Joshna is two short of the world record 21 titles held by Luxembourg’s Sandra Denis. But she dismisses any such talk. “No world record. Thank you,” she smiles.
A winner of 11 PSA titles, Joshna doesn’t want to look far and insisted that she would like to take it year by year. She credits her recovery from the knee injury to her physio Yash Pande. “I didn’t train much after I injured my knee prior to the 2022 Birmingham Commonwealth Games. Thanks to Yash’s help I was able to do well.” Joshna, seeded No. 1 didn’t show any signs of rustiness in the four rounds of the Nationals. She moved well with good shot selection and did not lose a game in any of the matches. Against Akansha Salunkhe, Joshna proved to be superior in all departments of the game.
However, her toughest opponent was the 14-year-old ‘pocket dynamite’ Anahat Singh, the No. 2 seed. In the final, Anahat gave a tough fight to Joshna. The reigning Asian U-15 champion, pushed the former World No. 10 with her excellent retrieves and deft placements. Using her vast experience, Joshna neutralised all of Anahat’s best shots.
Joshna was all praise for Anahat. “She handled the pressure really well and played a fearless game.”
No doubt, Anahat is here to stay.
Abhay bags men’s title
Abhay Singh is a powerful shot-maker and he showed his attacking game in defeating an equally good S. Velavan in four games in the men’s final.
The talented 24-year-old has been a trainee of Indian Squash Academy for the last decade or so.
As a teenager, he was seen as one of the brightest talents, but Abhay was not able to provide any breakthrough performance either in PSA or at the domestic level for seniors.
Abhay had won four PSA titles in the run-up to the Nationals — the Tuanku Muhriz Trophy in Malaysia, NSW Open in Sydney and two SRFI Indian Tour titles in September-November in Chennai and Jodhpur respectively.
The top seeded Abhay was hardly troubled by his opponents. He shrugged off the challenge from old warhorse Sandeep Jangra in the semifinals, before defeating Velavan in the final.

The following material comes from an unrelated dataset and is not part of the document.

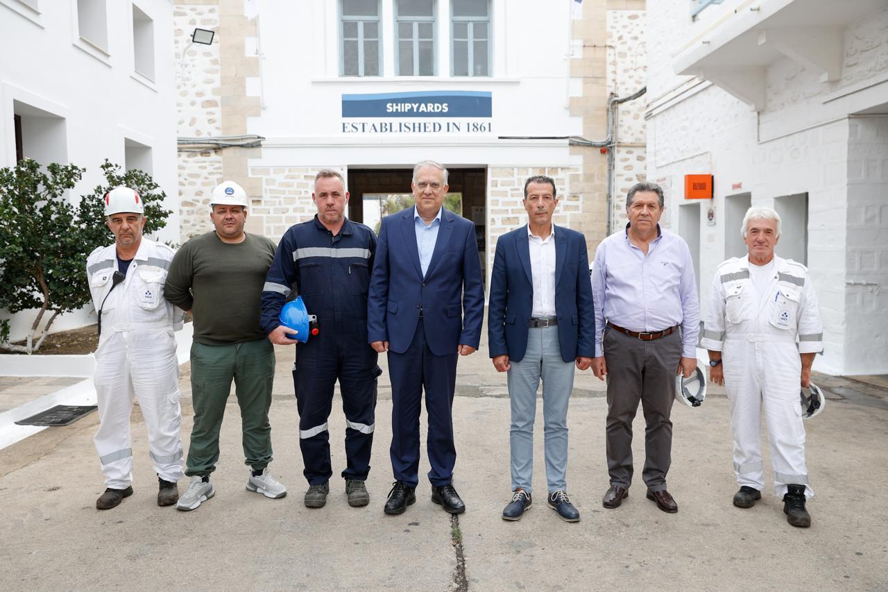 Στη συνέχεια, ο Υπουργός Ανάπτυξης επισκέφθηκε τα Ναυπηγεία Σύρου της ΟΝΕΧ, όπου τον υποδέχθηκε ο Γενικός Διευθυντής Γιάννης Βαμβακούσης. Ξεναγήθηκε στις εγκαταστάσεις, συνομίλησε με τους εργαζομένους και ενημερώθηκε για το πρόγραμμα πλήρους αναβάθμισης των εγκαταστάσεων των ναυπηγείων, το οποίο βρίσκεται σε εξέλιξη και συμβάλλει καθοριστικά στον εκσυγχρονισμό και την ενίσχυση της ανταγωνιστικότητάς τους.

Ranked 74 (he was ranked a career best 72 a week after winning the Jodhpur PSA), Abhay is eager to break into the top 50 soon. “It’s been a childhood dream for me to win the Senior Nationals. I would rate it much higher than the PSA titles I have won. It was a dream, my biggest win and a very, very special moment for me,” Abhay told Sportstar. Admitting he was nervous before the Nationals, Abhay said, “We (Velavan and I) were playing in our first Nationals final, and we knew each other’s game. We were doubles partners in the 2022 Birmingham Commonwealth Games. My strategy was to take the pace off his game,” he said.